The latest card is the GTX 295 and arguably the strongest.
It’s practically two beefed up GTX 260s in SLI. It’s overthrown the Radeon 4870 X2. The GTX 295 runs dual 576Mhz cores and an epic 1896 of GDD3 RAM. It’s also moved into 55nm fabrication processing so that heat and power levels are reduced.
The GTX 295 chucks in a lot more frames than your average gamer’s card would in high powered games such as Crysis.

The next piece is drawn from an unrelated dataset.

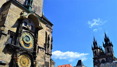 Ancient and historical buildings in Prague City. Czech Republic. The most famous historical buildings in Prague. Clock tower with blue sky background.

If you want the top performance and you have a lot of money, then it’s worth getting this kid. In fact, if you’re that rich you might even want to buy two of these and enable them in Quad SLI for epic, extreme (but kinda unnecessary) performance.
SLI and Crossfire
SLI stands for Scalable Link Interface and is when you have your NVIDIA cards teamed up onto one motherboard. Crossfire is practically the same thing, but a few minor differences and is used by ATI.
Dual GPU videocards incorporate the SLI or Crossfire chipset onto the board, allowing both cores to communicate with the motherboard as a single unit. Thus each GPU gets is fair share of the load.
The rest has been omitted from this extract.